A Step Closer to Perfect 3-D Data Storage
In the introduction to a paper in press in the Journal of Biotechnology, Virgile Adam of the Katholieke Universiteit Leuven in Belgium, along with a long list of collaborators from other institutions, describe the ultimate in holographic (three-dimensional) data storage: a chemically pure crystal composed solely of proteins that can be read and reversibly switched between at least two different states using nothing but light.

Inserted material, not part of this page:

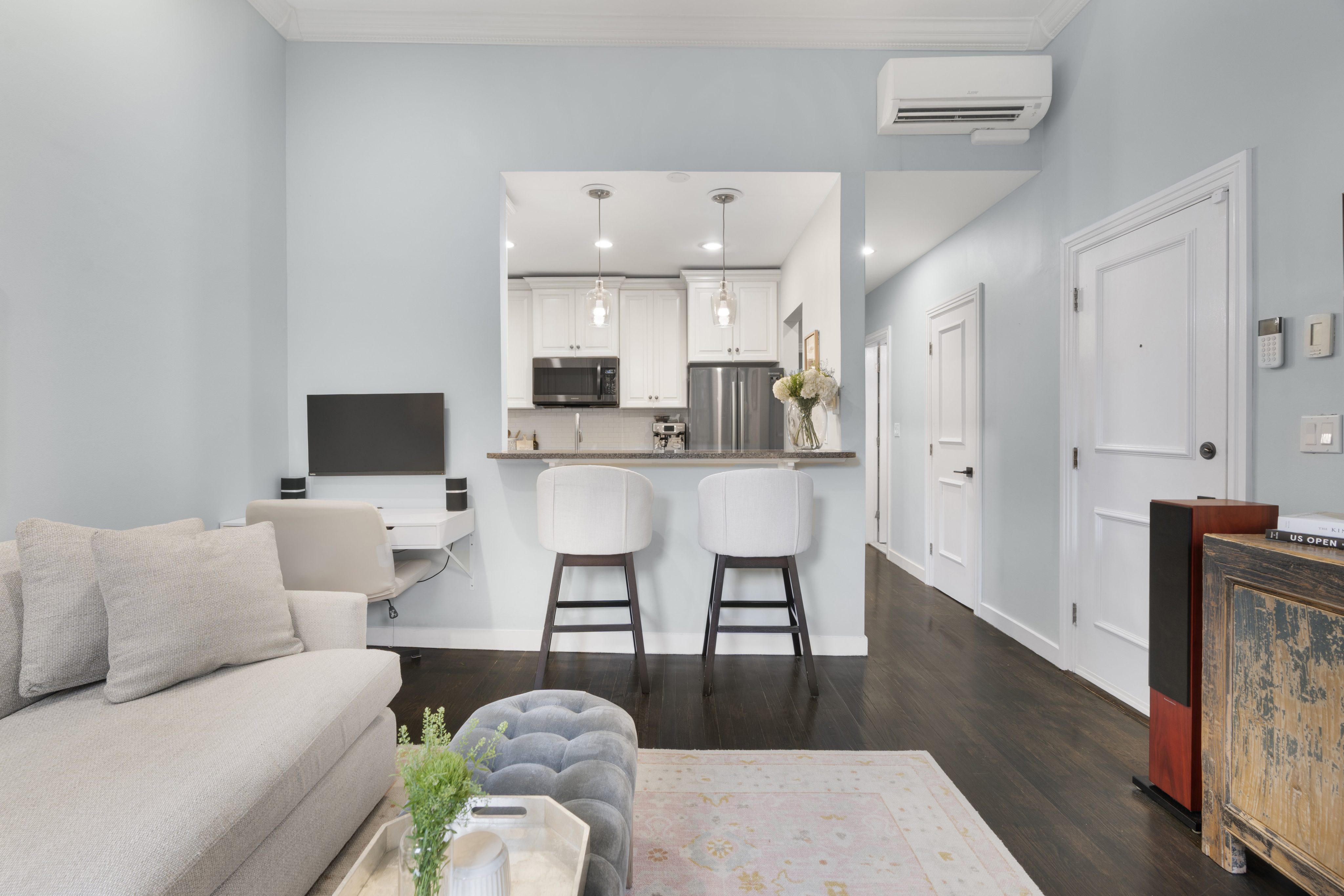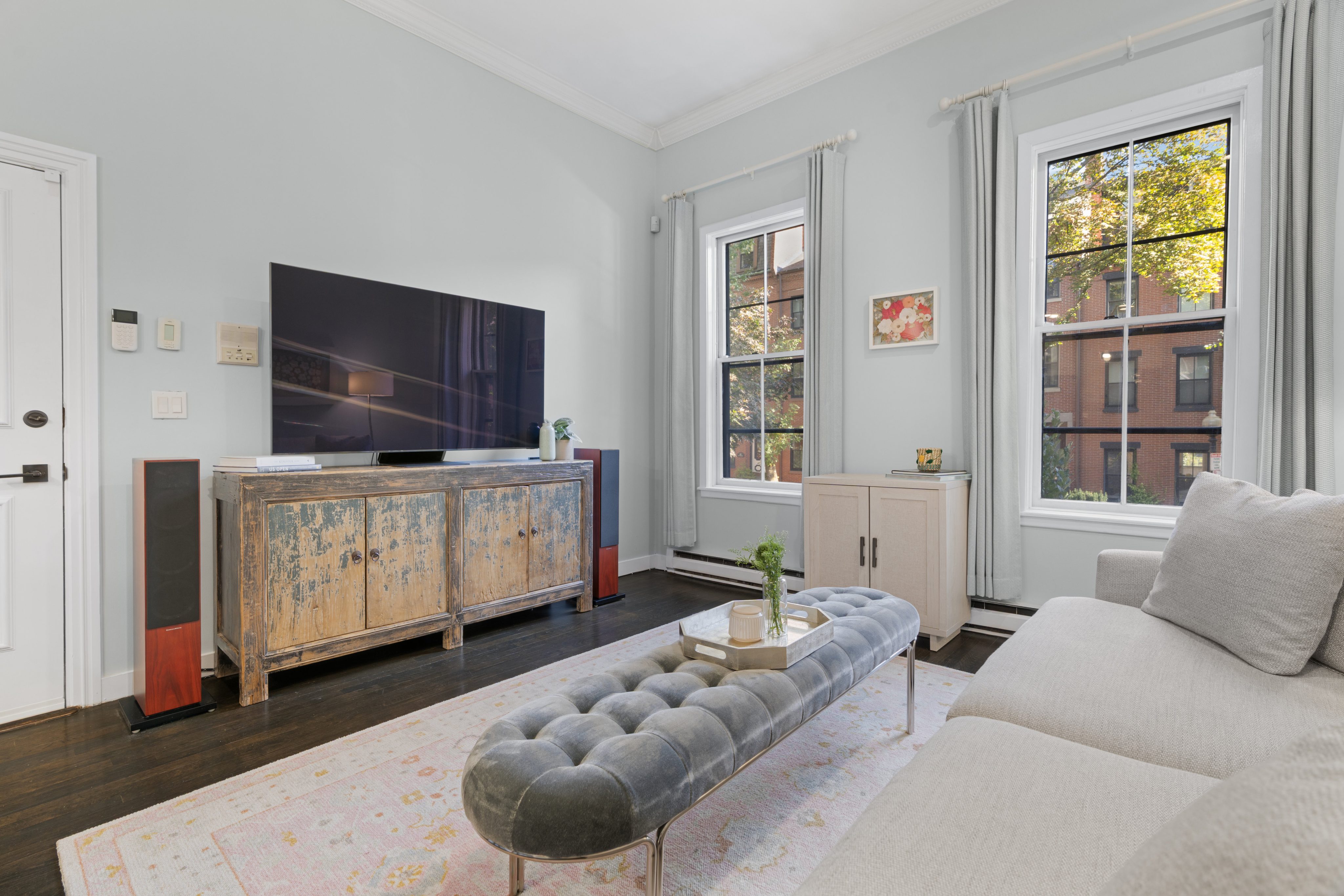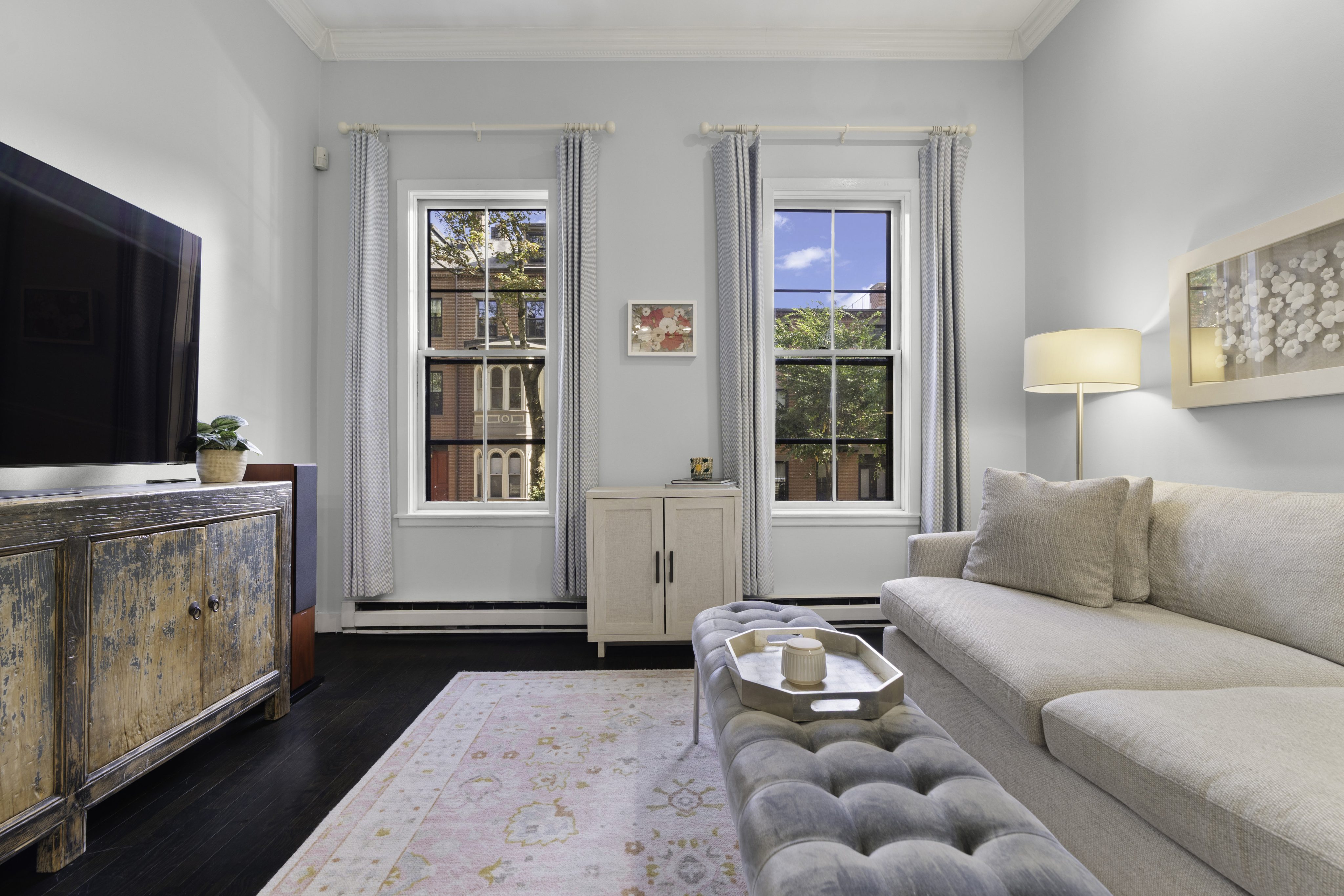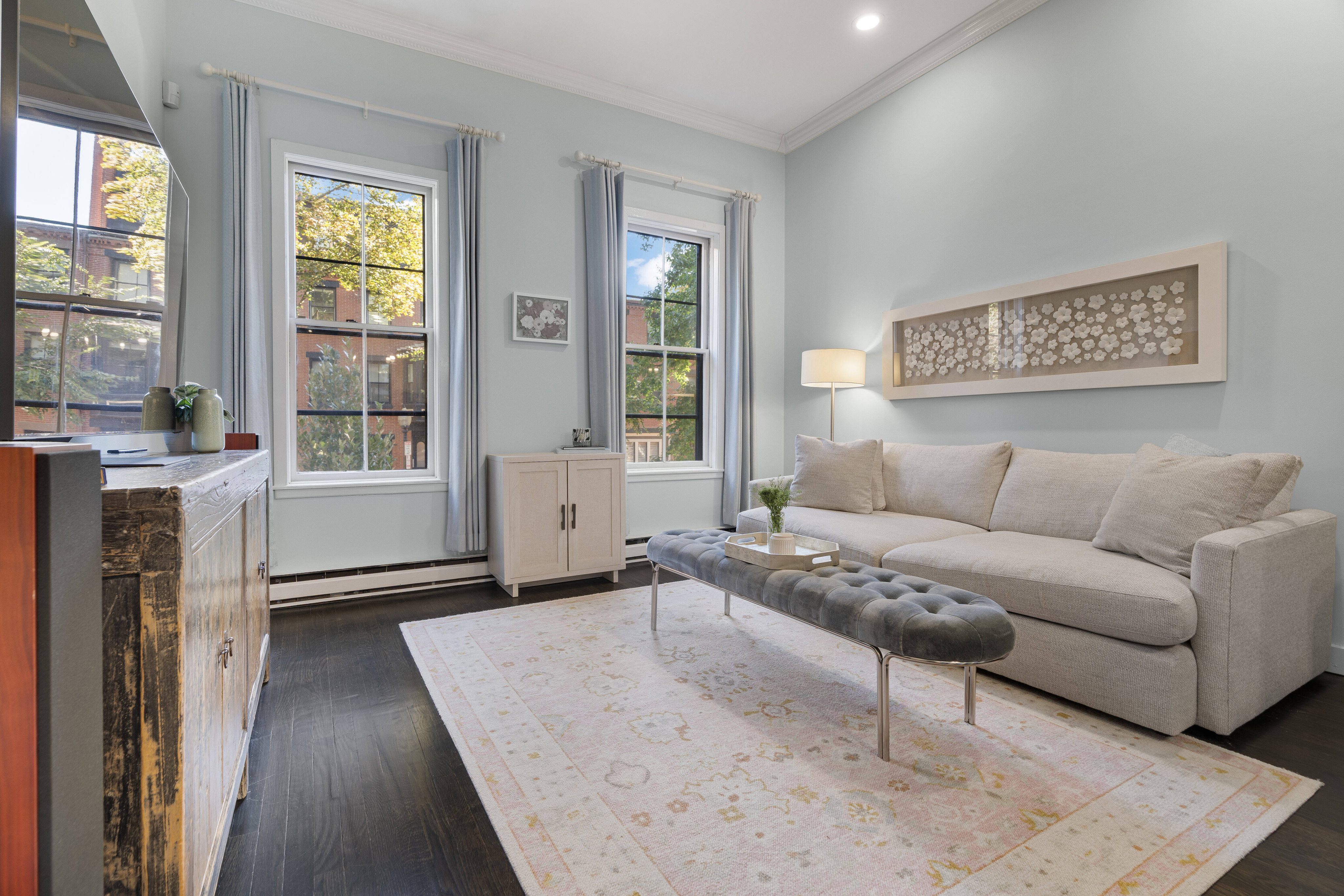 This pristine parlor-level 1-bedroom, 1-bathroom home offers the perfect blend of charm, comfort, and functionality—nestled right in the heart of the South End. The spacious living area features soaring ceilings and oversized windows that flood the space with natural light, creating an inviting atmosphere ideal for relaxing, entertaining, or working from home.

Embedded within the proper array of lasers (it would take at least two), such a crystal would represent something approaching the theoretical limit of data density in a storage medium: each bit would be represented by a single molecule.
With their latest work, Adam et al. take us a step closer to this dream, at least in the laboratory. Not only did they manage to encode and read data on chemically pure crystals of mutant descendants of fluorescent proteins originally derived from corals, but they also demonstrated that at least one of these proteins, known as IrisFP, actually has the ability to store data in four different states, versus the two different states (on and off) encoded by a traditional bit. In other words, this protein could store data in base 4 instead of base 2.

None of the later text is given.